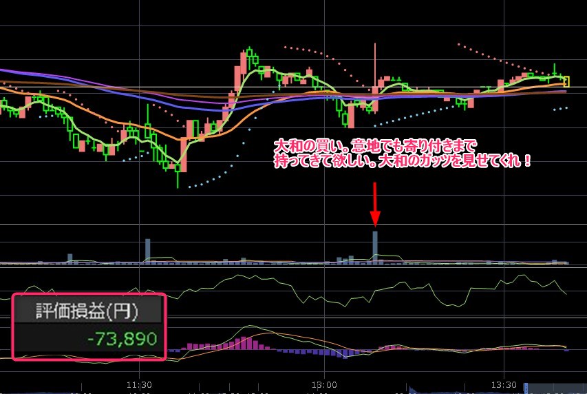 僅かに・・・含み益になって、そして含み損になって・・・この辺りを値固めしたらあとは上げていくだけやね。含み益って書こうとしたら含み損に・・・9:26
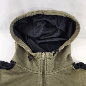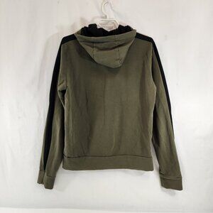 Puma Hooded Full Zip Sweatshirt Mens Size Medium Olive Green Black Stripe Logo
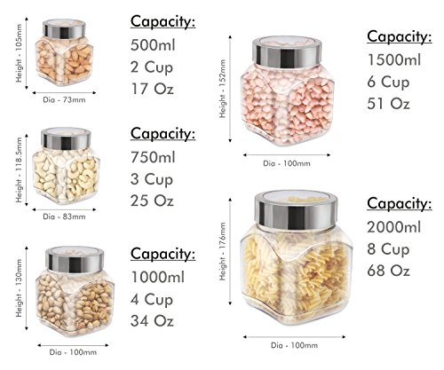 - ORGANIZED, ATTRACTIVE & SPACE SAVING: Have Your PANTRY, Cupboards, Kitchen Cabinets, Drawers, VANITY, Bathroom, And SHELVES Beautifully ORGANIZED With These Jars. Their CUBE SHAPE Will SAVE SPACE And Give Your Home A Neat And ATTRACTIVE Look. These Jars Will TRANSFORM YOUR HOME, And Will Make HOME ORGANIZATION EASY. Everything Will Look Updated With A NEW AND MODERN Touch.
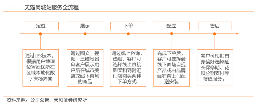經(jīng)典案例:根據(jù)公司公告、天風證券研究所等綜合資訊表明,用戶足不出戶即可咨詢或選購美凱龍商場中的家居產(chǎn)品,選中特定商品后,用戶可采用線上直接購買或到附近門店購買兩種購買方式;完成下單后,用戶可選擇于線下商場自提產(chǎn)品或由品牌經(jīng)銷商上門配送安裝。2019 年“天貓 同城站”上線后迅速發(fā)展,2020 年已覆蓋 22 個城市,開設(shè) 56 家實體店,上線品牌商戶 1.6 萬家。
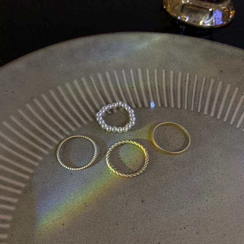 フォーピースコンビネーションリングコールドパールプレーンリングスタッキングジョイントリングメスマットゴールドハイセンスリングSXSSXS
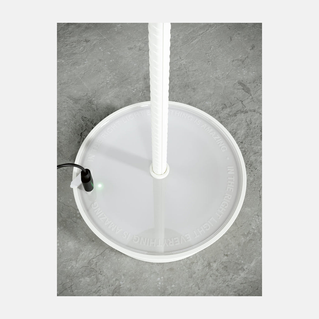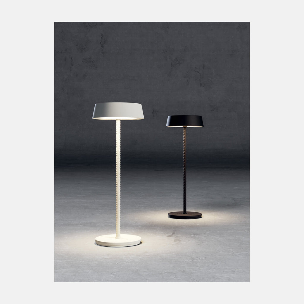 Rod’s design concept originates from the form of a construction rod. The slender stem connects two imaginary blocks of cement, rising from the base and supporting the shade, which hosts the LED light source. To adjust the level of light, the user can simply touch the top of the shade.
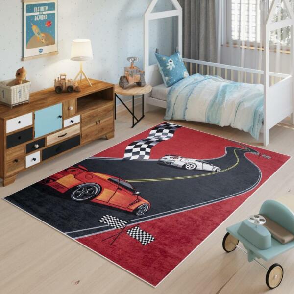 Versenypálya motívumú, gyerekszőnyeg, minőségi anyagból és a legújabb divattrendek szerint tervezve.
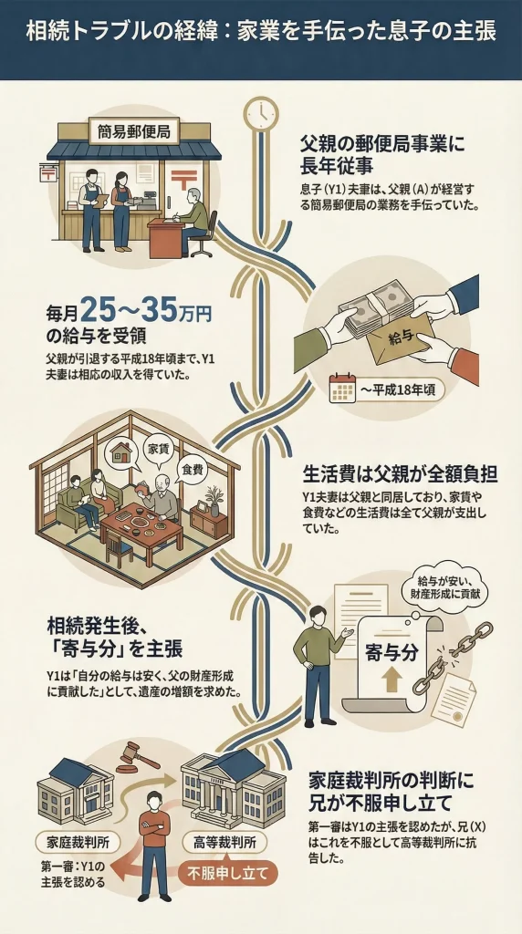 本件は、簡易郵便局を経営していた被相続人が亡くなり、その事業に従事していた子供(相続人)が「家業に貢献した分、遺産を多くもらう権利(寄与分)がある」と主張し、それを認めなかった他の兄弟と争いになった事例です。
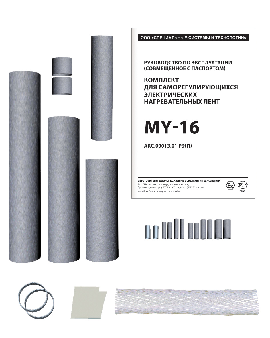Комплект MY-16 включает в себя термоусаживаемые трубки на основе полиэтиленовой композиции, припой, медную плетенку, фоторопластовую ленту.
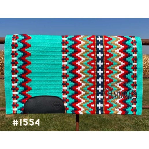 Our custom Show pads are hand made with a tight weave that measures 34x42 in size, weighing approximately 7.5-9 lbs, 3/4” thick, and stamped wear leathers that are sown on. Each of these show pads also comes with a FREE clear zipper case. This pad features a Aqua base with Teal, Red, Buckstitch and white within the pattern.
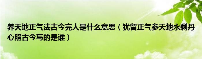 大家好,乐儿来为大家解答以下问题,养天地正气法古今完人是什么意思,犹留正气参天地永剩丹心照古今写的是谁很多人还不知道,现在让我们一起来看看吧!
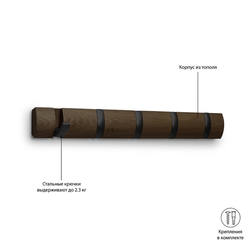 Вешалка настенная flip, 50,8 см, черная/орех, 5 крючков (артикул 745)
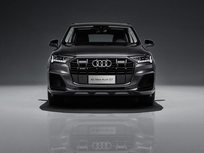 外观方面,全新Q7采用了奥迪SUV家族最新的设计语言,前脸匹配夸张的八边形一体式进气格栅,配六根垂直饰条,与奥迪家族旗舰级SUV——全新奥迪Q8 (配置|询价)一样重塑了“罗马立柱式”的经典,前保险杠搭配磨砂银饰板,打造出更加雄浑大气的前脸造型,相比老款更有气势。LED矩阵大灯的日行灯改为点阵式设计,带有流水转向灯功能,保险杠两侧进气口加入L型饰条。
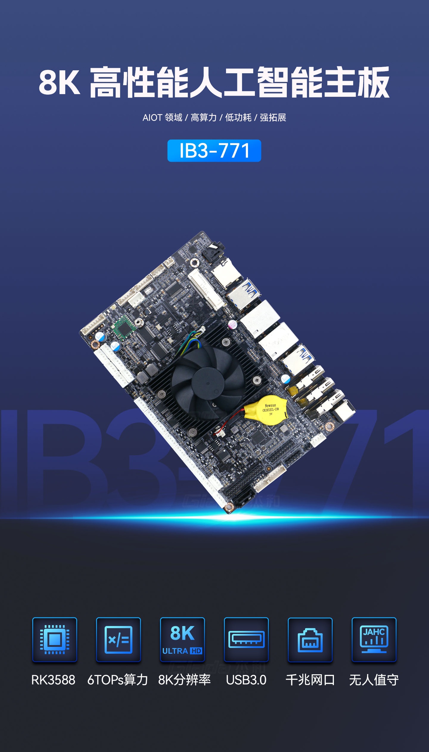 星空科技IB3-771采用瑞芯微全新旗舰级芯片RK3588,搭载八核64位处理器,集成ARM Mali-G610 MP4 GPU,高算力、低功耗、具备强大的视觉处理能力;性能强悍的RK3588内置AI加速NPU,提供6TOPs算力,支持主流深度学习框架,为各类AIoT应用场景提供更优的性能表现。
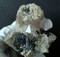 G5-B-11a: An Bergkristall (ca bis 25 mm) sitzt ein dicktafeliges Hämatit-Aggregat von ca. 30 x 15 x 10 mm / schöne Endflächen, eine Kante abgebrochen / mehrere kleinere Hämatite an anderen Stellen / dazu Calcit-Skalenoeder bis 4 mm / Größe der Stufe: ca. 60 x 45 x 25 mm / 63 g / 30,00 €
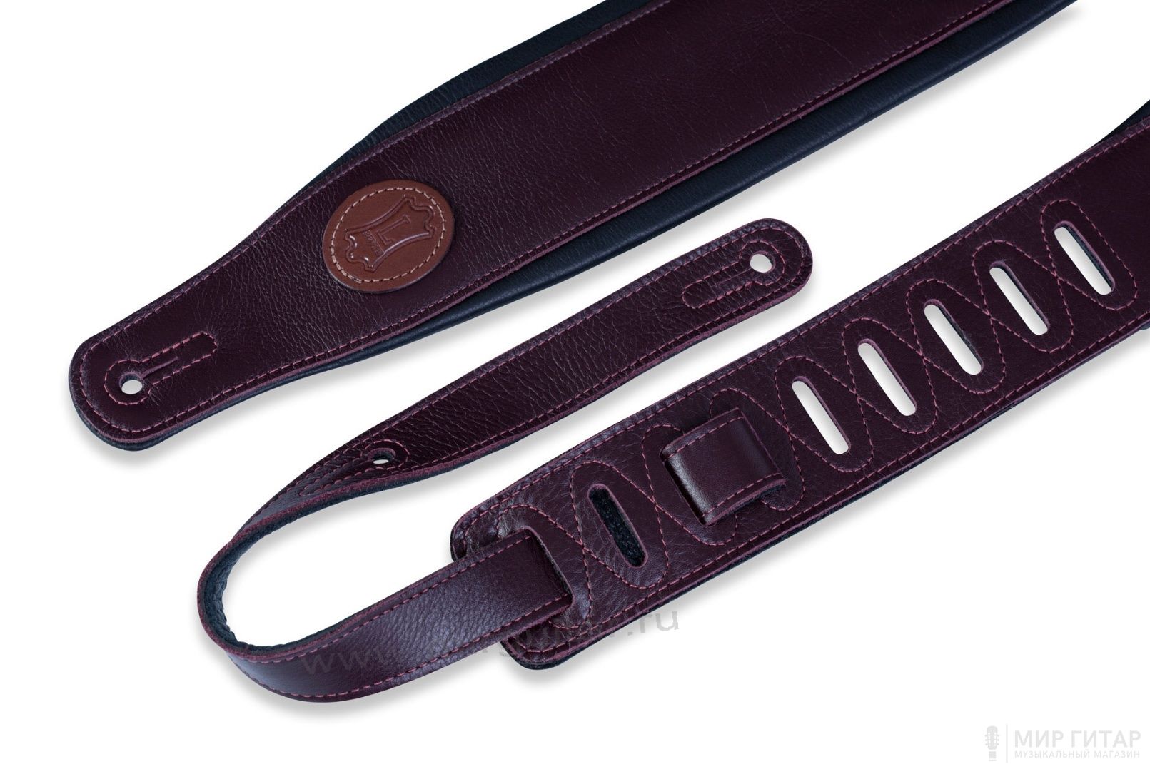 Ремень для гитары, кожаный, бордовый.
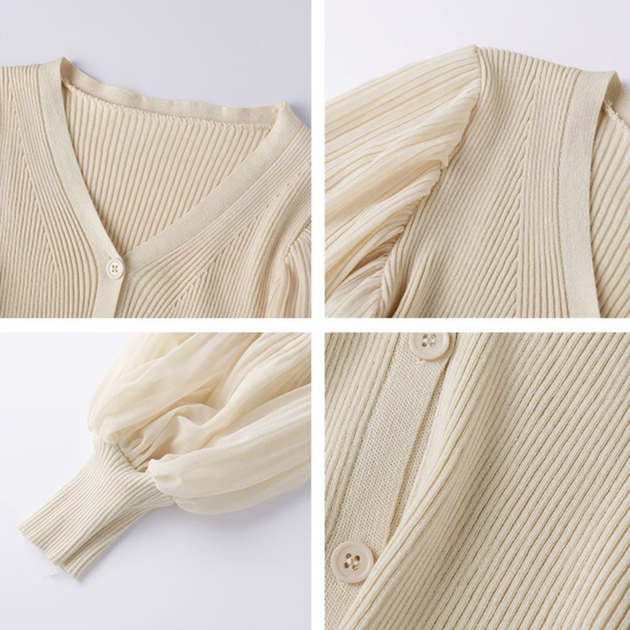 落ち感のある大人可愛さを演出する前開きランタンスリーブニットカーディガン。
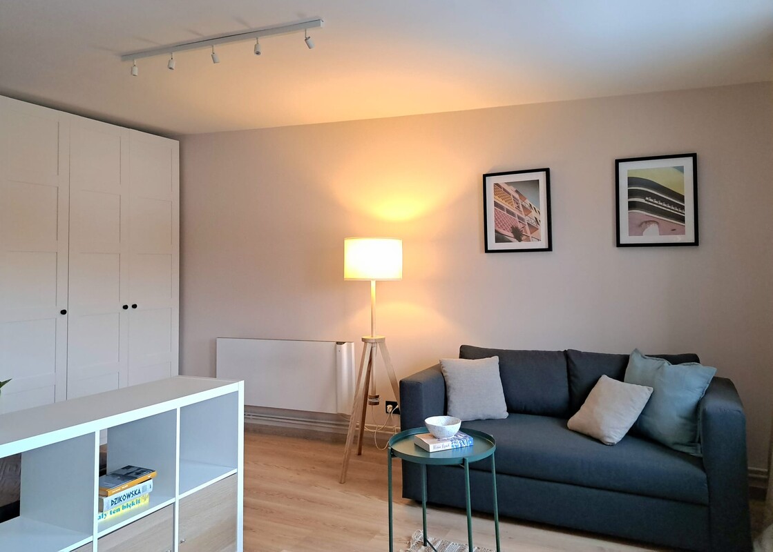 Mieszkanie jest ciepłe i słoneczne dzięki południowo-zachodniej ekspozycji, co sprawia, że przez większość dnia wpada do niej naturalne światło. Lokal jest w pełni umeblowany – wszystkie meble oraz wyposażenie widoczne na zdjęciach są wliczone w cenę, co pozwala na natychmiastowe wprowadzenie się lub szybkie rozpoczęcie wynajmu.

**TASK INSTRUCTIONS:**
Nothing but the lines above from the line with "Rod’s design concept" up to and including the line with "Versenypálya motívumú, gyerekszőnyeg, minőségi" should be returned, exactly as written and without pictures.

**ANSWER:**
 Rod’s design concept originates from the form of a construction rod. The slender stem connects two imaginary blocks of cement, rising from the base and supporting the shade, which hosts the LED light source. To adjust the level of light, the user can simply touch the top of the shade.
 Versenypálya motívumú, gyerekszőnyeg, minőségi anyagból és a legújabb divattrendek szerint tervezve.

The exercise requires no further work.